Spuntano tonnellate di rifiuti fuori e dentro un capannone. Indaga la polizia locale

SULMONA. Centinaia di sacchi ammucchiati fuori e dentro un capannone in stato di completo abbandono. Tonnellate di rifiuti tra cui polveri di pneumatici e altro materiale potenzialmente inquinante e pericoloso per la salute lasciato abbandonato su ettari di terreno senza alcuna precauzione.
La polizia locale, in un’operazione compiuta nella tarda mattinata di ieri, ha posto sotto sequestro una vasta area di di terreno e un capannone industriale all’interno del quale sono state scoperte tonnellate di rifiuti speciali, tra cui pneumatici, polveri pericolose per la salute, fanghi nocivi e altro materiale non identificato. L’area è quella vicina al depuratore di Santa Rufina, sulla strada tra Sulmona e Pratola Peligna.

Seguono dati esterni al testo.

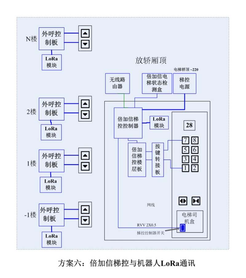 (1)機器人進入電梯后,通個Wifi或4G網絡發送指令給倍加信梯控云平臺,倍加信梯控云平臺收到指令后,將指令發給倍加信梯控系統,倍加信梯控系統自動點亮對應樓層按鍵,比如發去6樓指令,則6樓按鍵自動點亮,電梯送機器人員到6樓。
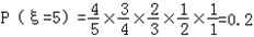 一个袋中有1个白球和4个黑球,每次从中任取一个球,每次所取的球放回,直到取得白球为止,但摸球次数不超过5次,求取球次数的分布列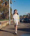 Perfect for the cooler months, this brushed fleece sweatshirt dress keeps kids comfortable every day. Its soft fabric, combined with a practical hood and kangaroo pocket, makes it easy to wear. Its colorful print adds a bright and cheerful touch that stands out.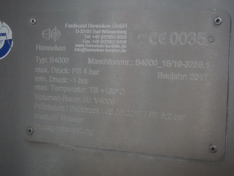 Henneken vacuum tumbler, type: B4000, machine number: B4000_15/19-3256.1, year of construction: 2017, volume: 4000 liter, dimensions: 4200 mm x 1700 mm x 2150 mm. Without vacuum pump.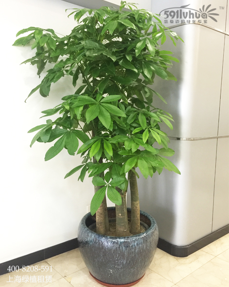 發(fā)財(cái)樹(shù)為常綠喬木,樹(shù)高可達(dá)10米左右。掌狀復(fù)葉互生,葉柄長(zhǎng)10~28厘米;小葉5~9枚,葉長(zhǎng)橢圓形、全緣,葉前端尖,長(zhǎng)約10~22厘米,羽狀脈,小葉柄短?;▎紊谌~腋,有小苞片2~3枚,花朵淡黃色。寓意著“生意興隆,財(cái)源滾滾”。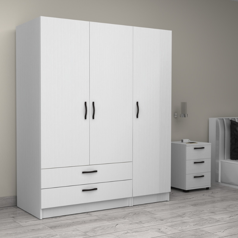 Ντουλάπα ρούχων Victoria Megapap τρίφυλλη με συρτάρια χρώμα λευκό 150x60x181εκ.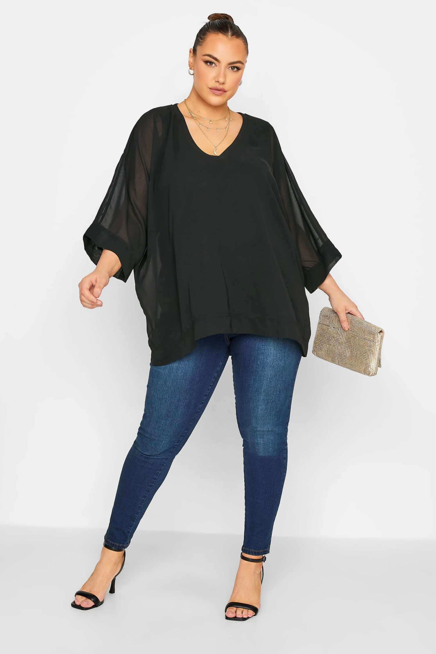 Hit refresh on your weekend wardrobe with this Yours London top. Made from a soft woven fabric, this plus size top features 3/4 length sleeves, a sheer outer layer and is complete in a cape style design. Pair with jeans and heels for a look you can wear with confidence on your next date night.
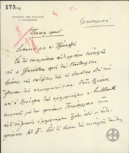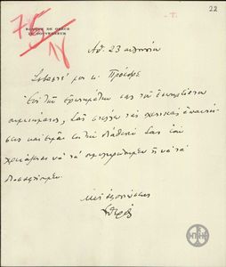 | ΤΙΤΛΟΣ | Επιστολή του Διοικητή της Τράπεζας της Ελλάδος, Εμμ.Τσουδερού, προς τον Ε.Βενιζέλο σχετικά με το ζήτημα της φορολογίας της Τράπεζας. |
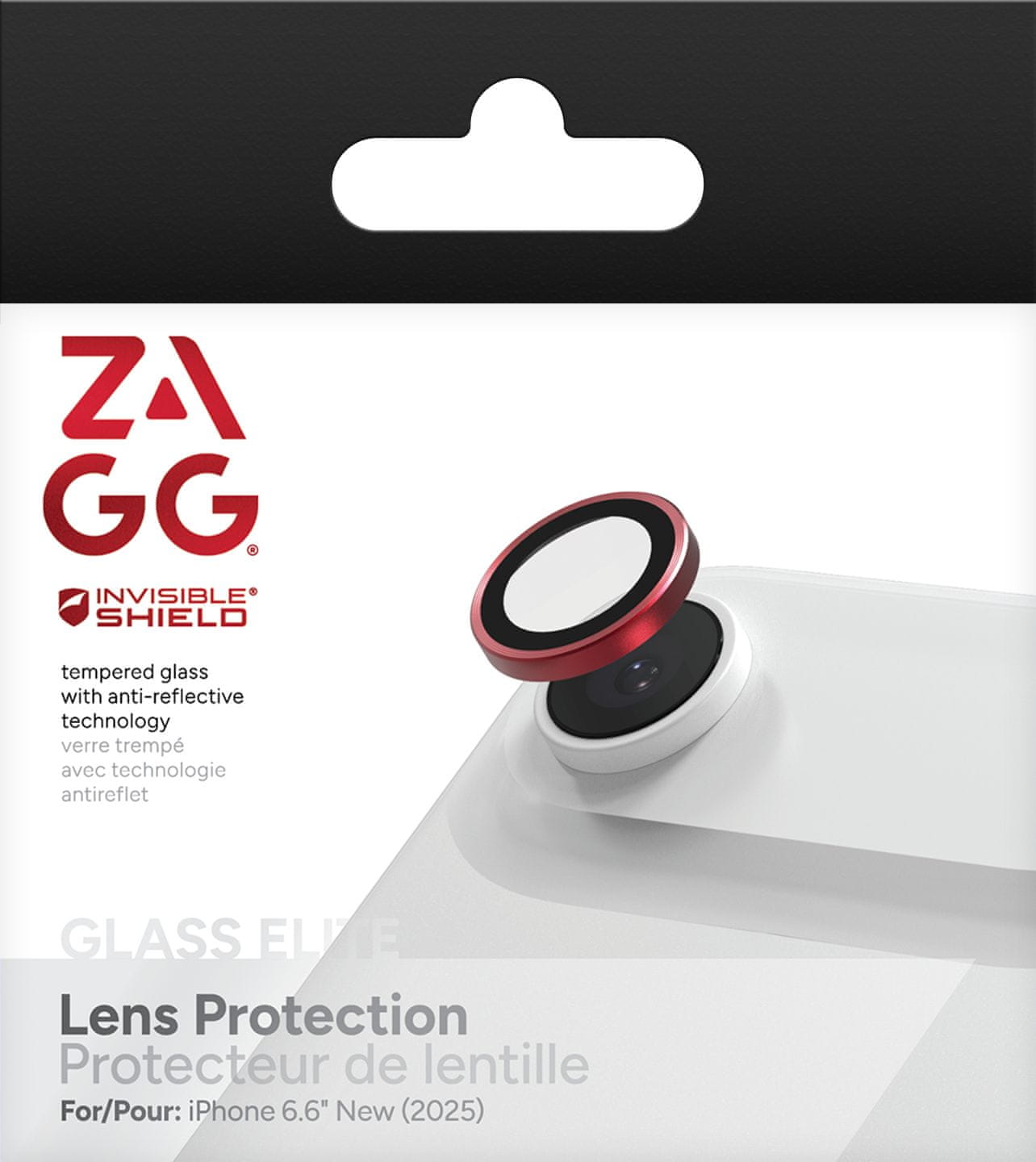 ZAGG InvisibleShield Premium steklo (kamera) Apple iPhone 17 Air Rdeča Zaščitno steklo ZAGG ščiti vaš zaslon pred manjšimi praskami in pomaga absorbirati udarce ob padcih. S trdoto 9H odlično ščiti zaslon pred poškodbami. Zunanja prevleka stekla zmanjšuje tveganje, da bi na njem ostali prstni odtisi. Lepa lastnost so zaobljeni 2,5D robovi, ki se lepo zlijejo z zaslonom. Ohranja popolne lastnosti zaslona na dotik, saj ima po celotni površini lepilno plast. Prednost je, da zaščitno steklo pokriva celotno površino naprave od roba do roba. Celoten zaslon tako ostane popolnoma zaščiten.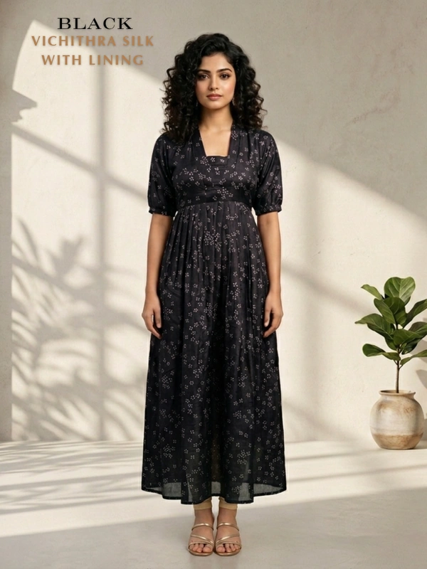 Designer Frock | Puff Sleeve| Vichithra Silk |with Lining| Black| FW55004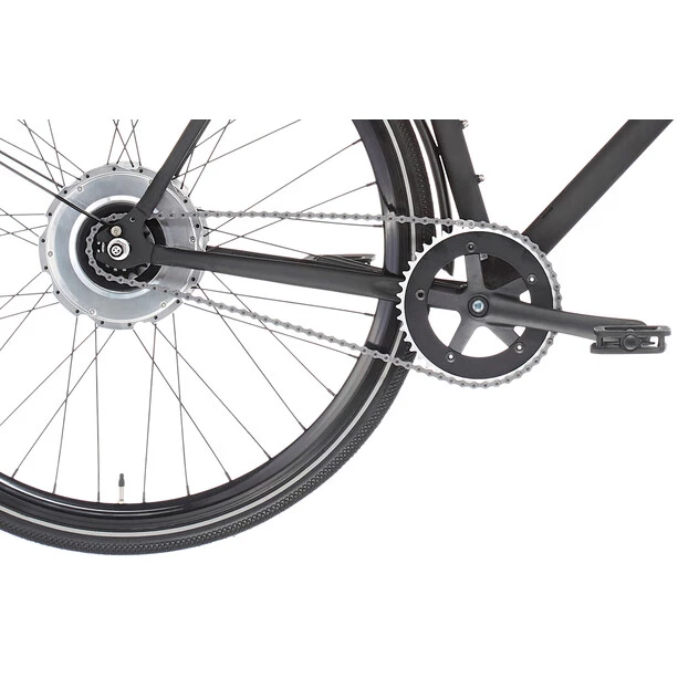 Le Fixie Inc. Backspin donne un exemple réussi de la mobilité électrique moderne en ville. Avec l’allure épurée d’un vélo singlespeed et le moteur électrique complètement caché dans le moyeu arrière, il fait tourner les têtes, suscite des visages étonnés et vous procure beaucoup de plaisir sur votre trajet à travers la ville.

Per l’intervento sono stati impegnati una decina di agenti della polizia locale coordinati dal tenente colonnello Massimiliano Giancaterino. Campioni del materiale sequestrato saranno inviati ai laboratori dell’Arta per le analisi che dovranno accertare la tossicità eventuale dei rifiuti abbandonati a contatto con l’ambiente e le persone. Sull’operazione il comandante della polizia locale ha rimesso un rapporto alla Procura della Repubblica che dovrà adottare eventuali provvedimenti nei confronti degli attuali proprietari del sito.
Ma le indagini continuano proprio per verificare eventuali altre situazioni irregolari o pericolose per la salute delle persone e dell’ambiente. Si tratta della seconda grande discarica abusiva scoperta sul territorio di Sulmona, dopo quella in contrada Santa Lucia nella frazione delle Marane, dove sono ancora accumulati enormi quantità di rifiuti, da anni in attesa di rimozione. (c.l.)
©RIPRODUZIONE RISERVATA.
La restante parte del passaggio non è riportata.